Cynapsus Therapeutics Inc. has announced that it has been awarded a grant of USD$947,925 from The Michael J. Fox Foundation for Parkinson's Research (MJFF) to support clinical studies to develop APL-130277, a sublingual (oral) thin film strip reformulation of apomorphine.
Apomorphine is an approved drug in the US, Europe and several other countries as a subcutaneous injection or infusion for Parkinson's patients experiencing daily "OFF" or motor fluctuation episodes.
APL-130277 is potentially the only oral formulation of Apomorphine, and as such will provide patients with a convenient and more tolerable alternative to multiple daily injections.
The grant was awarded under the Foundation's The Edmond J. Safra Core Programs for Parkinson's Research, Clinical Intervention Award, aimed at supporting human clinical trials testing promising Parkinson's therapies that may significantly and fundamentally improve treatment for people with Parkinson's.
"Improved methods of delivery for apomorphine, which has been shown to effectively treat 'off-episodes' in motor fluctuation, have been a goal of pharmaceutical research for at least a decade," says Maurizio Facheris, MD, MSc, Associate Director of Research Programs at MJFF.
Facheris continued, "Preliminary data around Cynapsus' novel formulation (APL-130277) show promise for a more frequent and effective use of this dopaminergic drug. We are hopeful that these clinical studies will support this promise, and drive APL-130277 further along the pipeline of therapeutic development."
"We are grateful to The Michael J. Fox Foundation, as well as their internal and external reviewers, for having judged our APL-130277 project to be worthy of support," said Mr. Anthony Giovinazzo, President and Chief Executive Officer of Cynapsus.

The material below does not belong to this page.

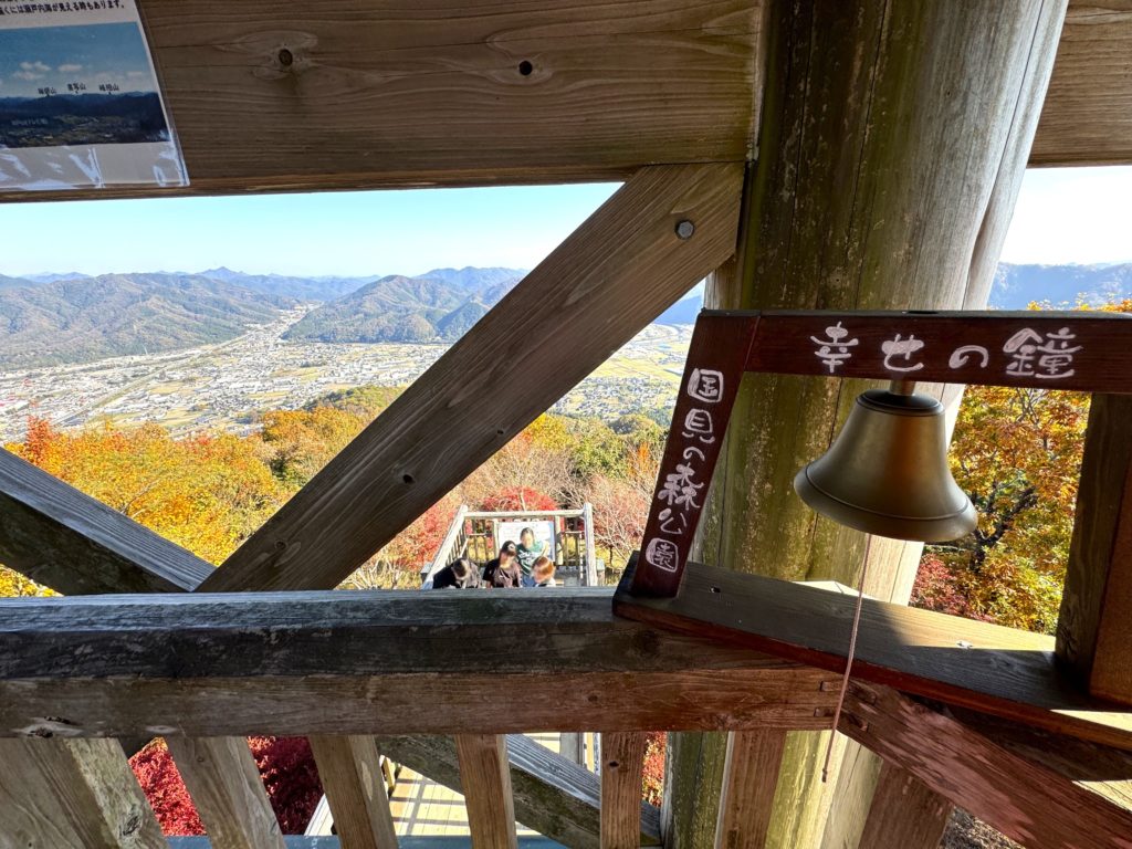 眼下に、山崎町の街並みを揖保川が流れ行き、屈曲して山あいへ…その先はたつの市、姫路市を抜け瀬戸内の海へ…

Mr. Giovinazzo "We are optimistic that APL-130277 has the potential to help many of the existing Parkinson's patients manage their daily quality of life, the use of caregivers and the use of their Levodopa treatments."
Dr. Albert Agro, the Principal Investigator for the study and the Chief Medical Officer of Cynapsus added: "The Foundation's support with this pre-bioequivalence clinical study will be instrumental in helping us complete the requirements recommended by the US FDA in our Pre-IND meeting. We have confidence that our sublingual film strip will succeed in achieving a pharmacokinetic profile that will satisfy requirements of the US FDA's 505(b)2 approval process and lead to a timely NDA submission sometime in 2014."